Call for Papers: "Re-narrating History in the Black Diaspora: Contemporary Artists and Visual Arts" for the issue of Angles: New Perspectives on the Anglophone World.
Editors:
Anne-Claire Faucquez (Université Paris 8), Antonia Rigaud (Université Sorbonne Nouvelle), Clémentine Tholas (Université Sorbonne Nouvelle)
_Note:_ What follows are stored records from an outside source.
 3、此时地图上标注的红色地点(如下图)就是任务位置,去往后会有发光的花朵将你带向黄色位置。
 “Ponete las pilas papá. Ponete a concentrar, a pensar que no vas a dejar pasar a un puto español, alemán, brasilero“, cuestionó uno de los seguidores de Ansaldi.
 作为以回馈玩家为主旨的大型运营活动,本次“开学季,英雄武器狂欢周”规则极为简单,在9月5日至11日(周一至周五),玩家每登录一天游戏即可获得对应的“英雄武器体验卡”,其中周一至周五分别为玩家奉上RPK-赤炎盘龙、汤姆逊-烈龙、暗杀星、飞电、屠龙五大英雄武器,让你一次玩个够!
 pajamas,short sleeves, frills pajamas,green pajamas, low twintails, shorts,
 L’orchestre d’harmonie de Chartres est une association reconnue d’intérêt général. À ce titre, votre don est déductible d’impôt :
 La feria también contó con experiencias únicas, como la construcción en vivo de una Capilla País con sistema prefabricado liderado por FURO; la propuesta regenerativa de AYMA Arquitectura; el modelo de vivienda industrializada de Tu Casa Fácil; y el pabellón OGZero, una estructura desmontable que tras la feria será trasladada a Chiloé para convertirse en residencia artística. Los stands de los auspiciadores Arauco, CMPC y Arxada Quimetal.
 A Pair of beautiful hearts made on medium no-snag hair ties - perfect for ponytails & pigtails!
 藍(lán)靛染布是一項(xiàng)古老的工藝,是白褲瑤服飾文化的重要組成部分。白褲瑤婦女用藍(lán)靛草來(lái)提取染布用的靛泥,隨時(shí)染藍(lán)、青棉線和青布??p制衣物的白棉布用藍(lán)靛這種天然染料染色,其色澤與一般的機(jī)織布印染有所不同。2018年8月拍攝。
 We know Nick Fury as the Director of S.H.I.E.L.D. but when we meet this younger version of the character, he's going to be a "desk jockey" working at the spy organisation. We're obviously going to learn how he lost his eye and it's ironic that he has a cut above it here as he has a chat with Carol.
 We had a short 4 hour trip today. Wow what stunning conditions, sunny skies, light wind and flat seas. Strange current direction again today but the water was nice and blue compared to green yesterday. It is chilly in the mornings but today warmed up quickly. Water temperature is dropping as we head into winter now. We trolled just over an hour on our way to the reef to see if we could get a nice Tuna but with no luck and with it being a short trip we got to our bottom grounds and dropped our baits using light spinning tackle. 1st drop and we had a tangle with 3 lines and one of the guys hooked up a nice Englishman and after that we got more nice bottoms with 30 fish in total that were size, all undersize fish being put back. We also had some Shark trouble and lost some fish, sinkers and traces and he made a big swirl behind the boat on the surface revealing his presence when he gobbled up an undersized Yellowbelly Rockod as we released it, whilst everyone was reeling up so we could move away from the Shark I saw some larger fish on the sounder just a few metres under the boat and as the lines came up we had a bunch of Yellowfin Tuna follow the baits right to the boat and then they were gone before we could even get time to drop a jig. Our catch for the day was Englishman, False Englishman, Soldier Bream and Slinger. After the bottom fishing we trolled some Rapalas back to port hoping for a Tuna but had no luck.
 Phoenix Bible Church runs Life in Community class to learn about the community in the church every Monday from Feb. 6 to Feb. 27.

Several very recent exhibitions, such as “Afro-Atlantic Histories” (2020, Museu de Arte de São Paulo, before touring the United States from 2021 to 2024), “Ex Africa” (Musée du Quai Branly, Paris, 2022), “In the Black Fantastic” (Hayward Gallery, London, 2022, Kunsthal, Rotterdam, 2023), “When We See US: A Century of Black Figuration Painting” (Zeit Mooca, Cape Town 2022, Kuntsmuseum, Basel, 2024), “Black Atlantic: People, Power and Resistance” (The Fitzwilliam Museum, Cambridge, 2023), “Afro-Futurist Manifesto: Blackness Reimagined” (The Reginald F. Lewis Museum, Baltimore, 2023) or “Entangled Pasts, 1768–now: Art, Colonialism and Change (Royal Academy of Arts, London, 2024), have brought together objects, archives and creations by Black artists from Africa, the United States, Europe, the Caribbean, South America. This was particularly well illustrated in the “Enduring Blackness: A Decade of Black Portraiture[s]: Paris 2013 – 2023” conference at the Musée du Quai Branly in May 2023, when museum director Emmanuel Kasarhérou underlined the necessity to respect the plurality of narratives and their sovereignty, to make the voices from African diasporas heard and to reflect upon our shared histories. This moment within art institutions throughout the world is also paralleled by a wealth of new critical perspectives on artistic expressions within African diasporic experiences, whether one looks at Africa, the United Kingdom, the Caribbean or the United States.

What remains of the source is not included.